In the TRAF6/TAK1 complex, the increasing role of SOCS3 after SN treatment (with 100 µM SN in 40 ng/mL IL-1β presence for 30 min) was investigated through the transfection of the cells for 24 h with the siRNA which consisted of a scrambled sequence as a negative control (NC siRNA) or SOCS3 siRNA. Co-immunoprecipitated (Co-IP) assay showed that, after IL-1β stimulation, TAK1 interacted well with TRAF6 (p = 0.048), while SN treatment suppressed their interaction (p = 0.0002). However, silencing SOCS3 abrogated the suppression of the interaction in SN-treated cells, indicating that SN might have blocked IL-1β-induced interaction of TRAF6 and TAK1 by up-regulating SOCS3 expression (Fig. 4A). Meanwhile, we tested the MMPs levels in the supernatants. In line with Co-IP results, ELISA assay results showed that, after IL-1β stimulation, MMPs levels of SN + SOCS3 siRNA group were significantly higher than that of SN + NC-siRNA group. However, SN failed to inhibit the levels of MMPs in SOCS3 siRNA-treated cells in comparison with the no treatment + SOCS3 siRNA group (Fig. 4B).
(A) SW1353 cells transfected for 24 h with NC siRNA (as a negative control) or SOCS3 siRNA were treated for 30 min with SN (100 µM) in the presence of IL-1β (40 ng/mL). TRAF6 was immunoprecipitated by antibody and the indicated protein levels were measured with Western blot analysis. GAPDH was shown as the control. Data were analyzed with 2 × 2 factorial ANOVA (, IB: TAK1 interaction effect: f = 16.51, p = 0.0036) and simple effect was performed to analyze the difference between two groups. (B) SW1353 cells transfected for 24 h with siRNA (as negative control) or SOCS3 siRNA were treated for 24 h with SN (100 µM) in the presence of IL-1β (40 ng/mL). The MMPs protein levels were measured with ELISA assay. The entire experiments were conducted in triplicate, while data were analyzed with 2 × 2 factorial ANOVA (MMP-1 interaction effect f = 4.48, p = 0.0671; SOCS3 siRNA main effect f = 73.87, p < 0.0001; SN main effect f = 20.27, p = 0.002; MMP-3 interaction effect f = 5.2224, p = 0.0516; SOCS3 siRNA main effect f = 76.99, p < 0.0001; SN main effect f = 15.93, p = 0.004; MMP-13 interaction effect f = 2.23, p = 0.1739; SOCS3 siRNA main effect f = 64.66, p < 0.0001; SN main effect f = 14.07, p = 0.0056) and simple effect was performed to analyze the difference between two groups. All data were presented as means ± S.E.M. (* p < 0.05, ** p < 0.01, *** p < 0.001 vs. IL-1β + NC-siRNA; ### p < 0.001, #### p < 0.0001 vs. IL-1β + NC-siRNA + SN).

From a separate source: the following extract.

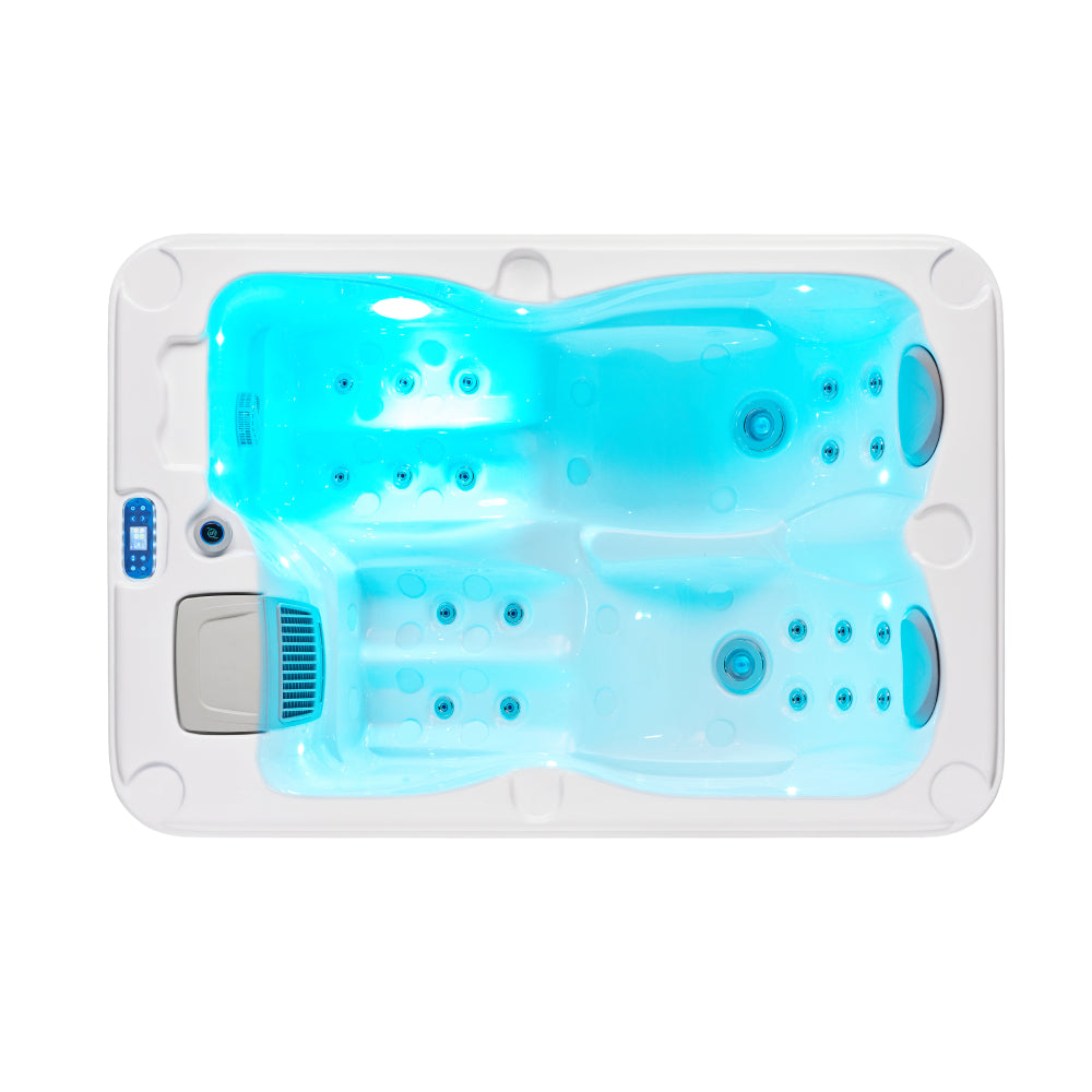 The tub is equipped with a durable aluminum plastic skirt and 15mm PU insulation for energy efficiency and long-lasting performance. Enjoy the soothing ambiance created by 10 small LED lights and a bottom light, while the built-in ozone system ensures clean, purified water.
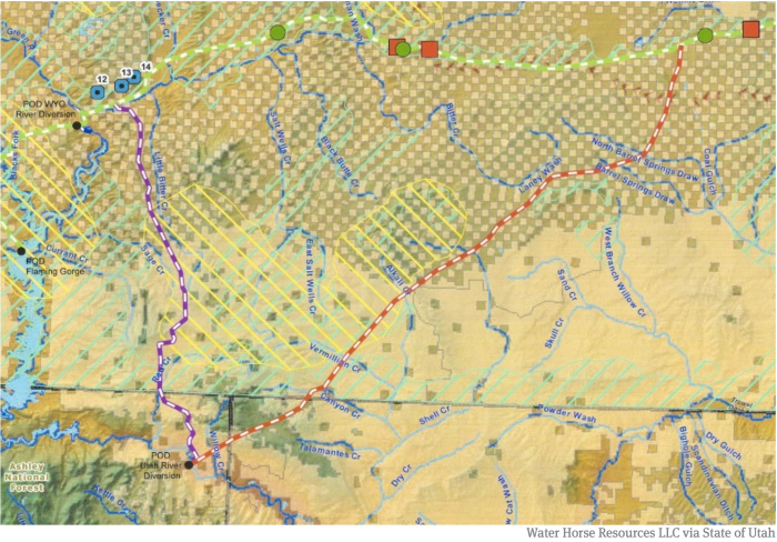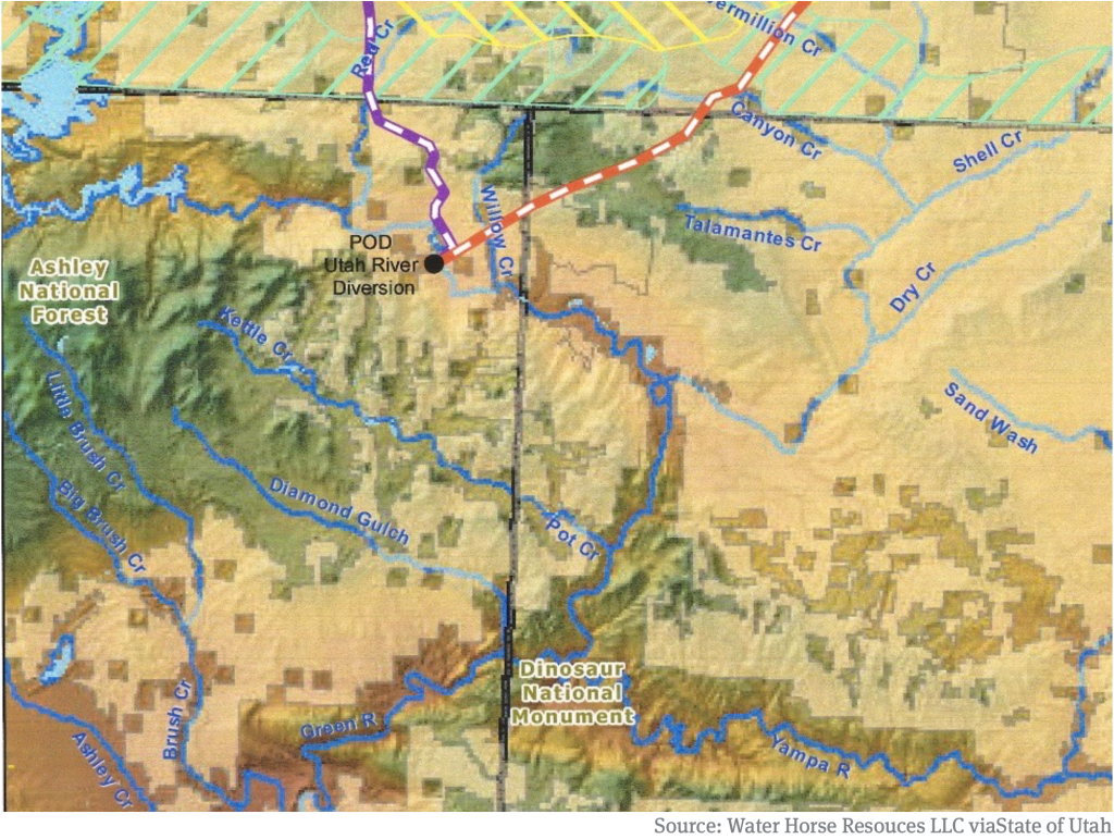 A detail of a map produced by Water Horse Resources, and published by the state of Utah, showing the proposed diversion point on the Green River, between Flaming Gorge Reservoir and the Gates of Lodore in Dinosaur National Monument. The red and white line represents a pipeline that heads northeast out of Utah, across a corner of Colorado, and into Wyoming, where it joins an alignment of another potential pipeline that is connected to the Green above Flaming Gorge.

To confirm the role of TAK1 in the inhibitory effect of SN, the activity of TAK1 kinase was determined by a cell free enzyme system. As shown in Fig. 5A, SN at different concentrations did not inhibit the activity of TAK1 kinase. Takinib (a TAK1 inhibitor) as a positive control at 10 µM significantly inhibited the activity of TAK1 kinase (p = 0.0014). Next, we aimed to confirm these results and further wondered if the blocking of TRAF6 and TAK1 interaction was a unique way to trigger the inhibition of IL-1β-induced MMPs levels caused by SN. The transfection of the cells for 24 h with NC siRNA (as negative control) or TAK1 siRNA were performed and treated with 100 µM SN for 30 min in IL-1β (40 ng/mL) presence. Western blot assay results showed that TAK1 silencing (p = 0.0047) and SN treatment (p = 0.0042) significantly inhibited IL-1β-induced p65 phosphorylation compared with the NC siRNA + IL-1β group (Fig. 5B). Surprisingly, the phosphorylation level of p65 in TAK1 siRNA + SN + IL-1β group was lower than that of the TAK1 siRNA + DMSO + IL-1β group (p = 0.0049) (Fig. 5B). Moreover, the phosphorylation level of p65 in TAK1 siRNA + SN + IL-1β group was also lower than that of the NC siRNA + SN + IL-1β group (p = 0.0056) (Fig. 5B). These data suggested that SN did not directly inhibit the activity of TAK1 and blocking the interaction was not a unique way for SN’s action. Consistent with Western blot assay, it was also observed that MMPs levels in TAK1 siRNA + SN + IL-1β group was lower than the NC siRNA + SN + IL-1β group (Fig. 5C).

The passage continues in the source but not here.